### WORK INSTRUCTION:
Line by line, print the records exactly as they are, dropping the pictures.

### Recorded data:
★ ★ ★ ★

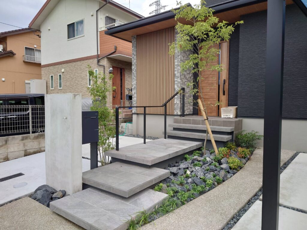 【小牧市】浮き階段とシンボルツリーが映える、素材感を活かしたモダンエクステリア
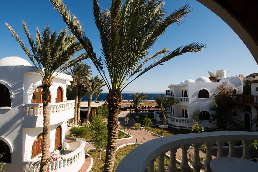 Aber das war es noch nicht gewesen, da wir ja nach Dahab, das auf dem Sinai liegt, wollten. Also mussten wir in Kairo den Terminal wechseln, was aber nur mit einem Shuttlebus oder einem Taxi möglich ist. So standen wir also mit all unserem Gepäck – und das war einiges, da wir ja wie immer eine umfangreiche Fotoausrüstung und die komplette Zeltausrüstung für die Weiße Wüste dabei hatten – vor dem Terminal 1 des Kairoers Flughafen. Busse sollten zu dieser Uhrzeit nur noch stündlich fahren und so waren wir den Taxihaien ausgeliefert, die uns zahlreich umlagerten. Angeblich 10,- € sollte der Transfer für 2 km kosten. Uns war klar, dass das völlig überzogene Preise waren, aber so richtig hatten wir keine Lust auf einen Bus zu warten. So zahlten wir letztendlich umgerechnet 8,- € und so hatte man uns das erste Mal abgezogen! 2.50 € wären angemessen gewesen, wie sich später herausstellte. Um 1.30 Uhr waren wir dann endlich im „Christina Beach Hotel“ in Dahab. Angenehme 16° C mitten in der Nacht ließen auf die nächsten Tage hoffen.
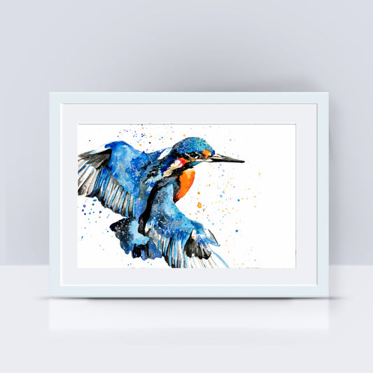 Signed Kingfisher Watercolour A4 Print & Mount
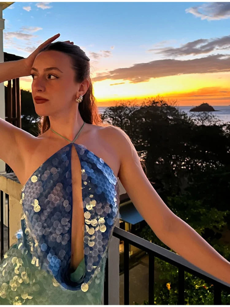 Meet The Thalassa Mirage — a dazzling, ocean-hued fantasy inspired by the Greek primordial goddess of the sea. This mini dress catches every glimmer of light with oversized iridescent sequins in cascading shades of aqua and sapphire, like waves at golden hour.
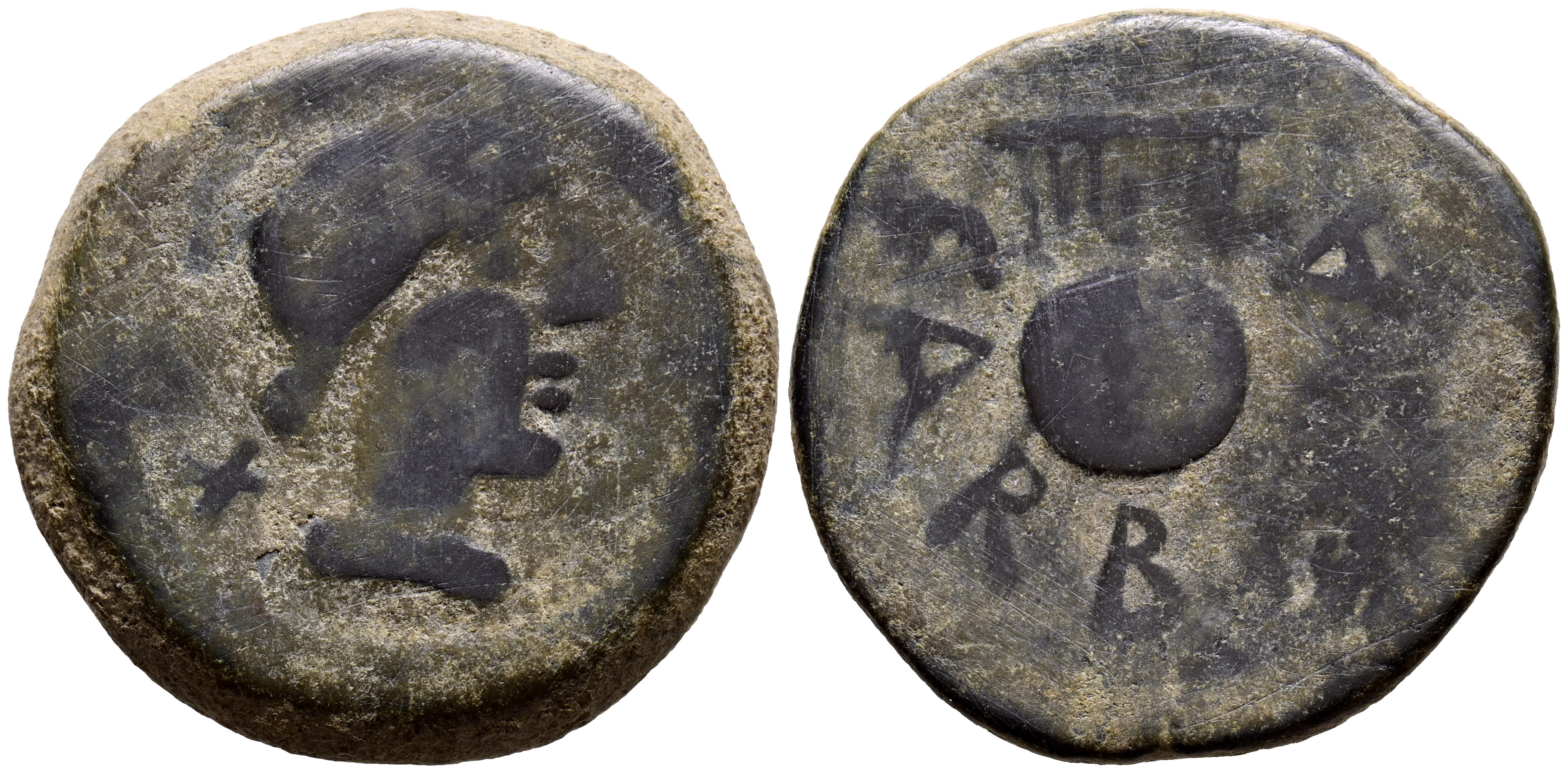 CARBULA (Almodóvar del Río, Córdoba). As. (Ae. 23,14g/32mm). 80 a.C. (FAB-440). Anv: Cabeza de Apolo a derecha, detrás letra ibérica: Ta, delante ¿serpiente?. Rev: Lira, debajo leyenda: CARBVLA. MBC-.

★ ★ ★ ★

### FINISHED EXERCISE:
 【小牧市】浮き階段とシンボルツリーが映える、素材感を活かしたモダンエクステリア
 Aber das war es noch nicht gewesen, da wir ja nach Dahab, das auf dem Sinai liegt, wollten. Also mussten wir in Kairo den Terminal wechseln, was aber nur mit einem Shuttlebus oder einem Taxi möglich ist. So standen wir also mit all unserem Gepäck – und das war einiges, da wir ja wie immer eine umfangreiche Fotoausrüstung und die komplette Zeltausrüstung für die Weiße Wüste dabei hatten – vor dem Terminal 1 des Kairoers Flughafen. Busse sollten zu dieser Uhrzeit nur noch stündlich fahren und so waren wir den Taxihaien ausgeliefert, die uns zahlreich umlagerten. Angeblich 10,- € sollte der Transfer für 2 km kosten. Uns war klar, dass das völlig überzogene Preise waren, aber so richtig hatten wir keine Lust auf einen Bus zu warten. So zahlten wir letztendlich umgerechnet 8,- € und so hatte man uns das erste Mal abgezogen! 2.50 € wären angemessen gewesen, wie sich später herausstellte. Um 1.30 Uhr waren wir dann endlich im „Christina Beach Hotel“ in Dahab. Angenehme 16° C mitten in der Nacht ließen auf die nächsten Tage hoffen.
 Signed Kingfisher Watercolour A4 Print & Mount
 Meet The Thalassa Mirage — a dazzling, ocean-hued fantasy inspired by the Greek primordial goddess of the sea. This mini dress catches every glimmer of light with oversized iridescent sequins in cascading shades of aqua and sapphire, like waves at golden hour.
 CARBULA (Almodóvar del Río, Córdoba). As. (Ae. 23,14g/32mm). 80 a.C. (FAB-440). Anv: Cabeza de Apolo a derecha, detrás letra ibérica: Ta, delante ¿serpiente?. Rev: Lira, debajo leyenda: CARBVLA. MBC-.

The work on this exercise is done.